UKツアーのチケットは争奪戦になっているようですが、僕も日本時間の8月31日(土)17時にトライしてみたものの、チケット購入ページの直前のウェイティングルームに入った時にはなんと16万人待ち!?ある時点では30万人待ちという時もあったようで・・・。

争奪戦を勝ち抜いてゲットできた皆さん、おめでとうございます。チケット購入できなかった方も沢山いると思いますし、UKまで行けない方も沢山いると思います。
でも、ここ日本ではオアシスのデビュー30周年を記念した展覧会 『Live Forever:Oasis 30周年特別展』 が11月1日 (金) より六本木ミュージアムにて開催されます。
こんな最高に盛り上がっているタイミングで、今一度オアシス展で彼らの30年を振り返り、彼らの世界に浸ってみるのはいかがでしょう?

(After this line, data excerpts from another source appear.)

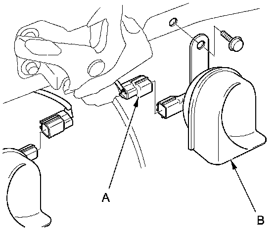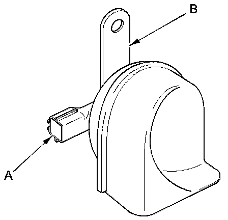 3. Test the horn by momentarily connecting battery power to the terminal (A) and grounding the bracket (B). The horn should sound.
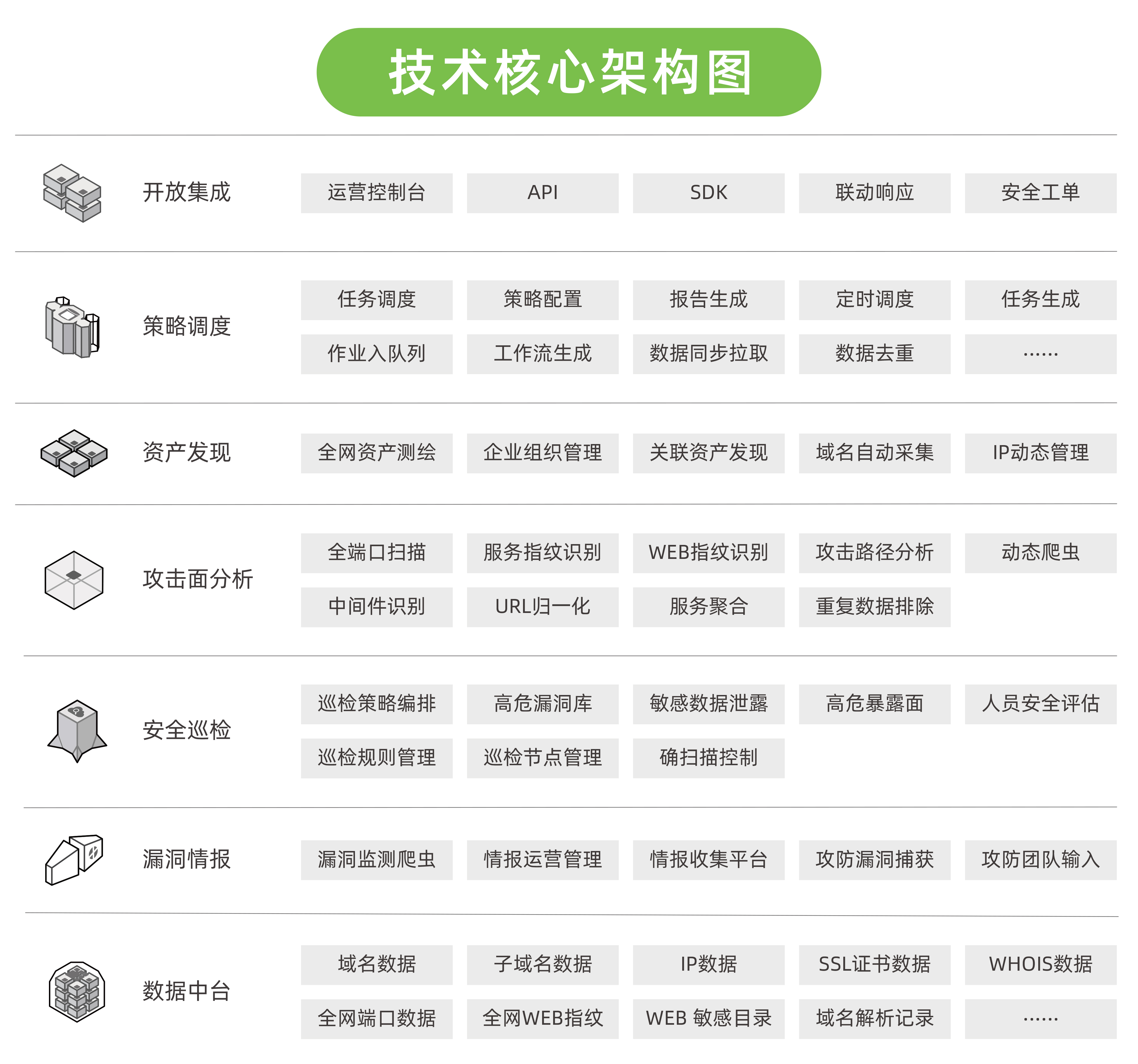 【持续扫描、发现和列举面向互联网的资产的工具或能力,建立所发现资产的独特指纹,并识别已知和未知资产的风险。】
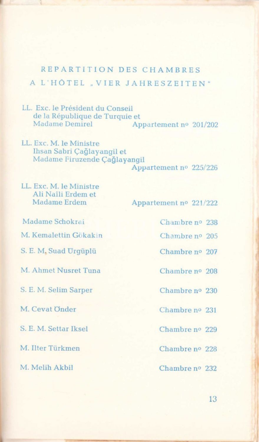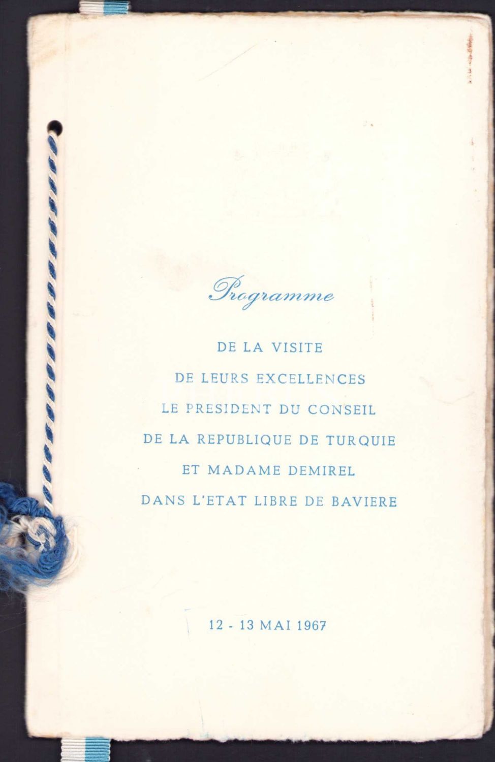 Türkiye Cumhuriyeti Meclis Başkanı ve Madame Demirel'in Bavyera ziyaret programı, 12 - 13 Mayıs 1967, Fransızca, 15 sayfa, 10x16 cm
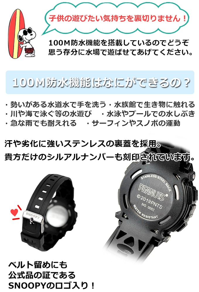 100M防水【デジタル表示 ラバーベルト キッズ 腕時計】スヌーピー レディース メンズ | スヌーピー腕時計シリーズでも珍しい100M防水を搭載しているスポーティーモデルウォッチ。
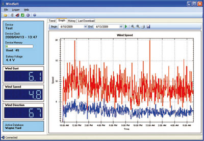 可以使用標配的4.5米長的USB數據線和免費的基于Windows的WindSoft軟件從WindLog下載數據,該軟件使用SQLite數據庫來追蹤和記錄風數據。存儲時間間隔可以設置為從1分鐘到1小時不等。USB延長器可以將USB線延長到30米。USB數據線與WindLog風速儀一直連接的情況下,可在電腦上實時顯示風速風向數據。結合存儲數據和實時數據,WindLog可以在線或離線使用。WindSoft軟件可以生成統計信息、圖形和報告。它也可以導出CSV文件,可以使用Excel或其他支持CSV文件的應用程序打開。
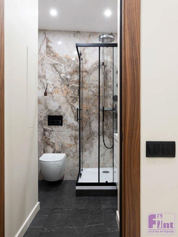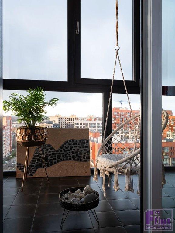 По просьбе хозяйки в зоне гостиной предусмотрели использование проектора. Стену напротив дивана оставили пустой, чтобы проектировать изображение на неё. Размер тумбы продумывали тоже с этой целью. В ванной комнате хранение предусмотрено в виде тумбы под раковину и подвесных полочек в душевой. На балконе смонтировано подвесное кресло. Это место для отдыха и расслабления, которое хотели видеть в своей квартире мама и дочка. Потолочное освещение реализовано в виде люстр и трековых светильников. Также используются подвесы над обеденным столом, у кровати в спальне, торшер, настольные лампы. В прихожей предусмотрели скрытую подсветку в плинтусе, которая очень функциональна в вечернее и ночное время суток.

今後いろんな小ネタをこちらに投稿して行こうと思いますが、まずはオアシス展のタイトルにもなっている「Live Forever」について。

「Live Forever」 は、デビュー・アルバムからの第3弾シングルで、作詞・作曲はノエル・ギャラガー。オアシスにとって記念すべき最初の全英トップ10シングルとなりました。 ノエルは、当時のニルヴァーナを代表とするグランジ・シーンの “悲観的でネガティブな性格” へのレスポンスとしての思いを込めたと、かつて下記のようなコメントをしています。

“死ぬほど才能があるあのクソ野郎(カート・コバーン)が、俺がほしかったもんを全部持ってやがったんだよ。金持ちで有名で、あの頃トップに立ってたロックバンドで音楽やってて。しかも自分のことが嫌いだとか、死にたいとかいう曲を書いてんだぜ!俺としては、俺は自分のことをファッキン愛してるし、永遠に生きてやる(Live forever)って思ってたね”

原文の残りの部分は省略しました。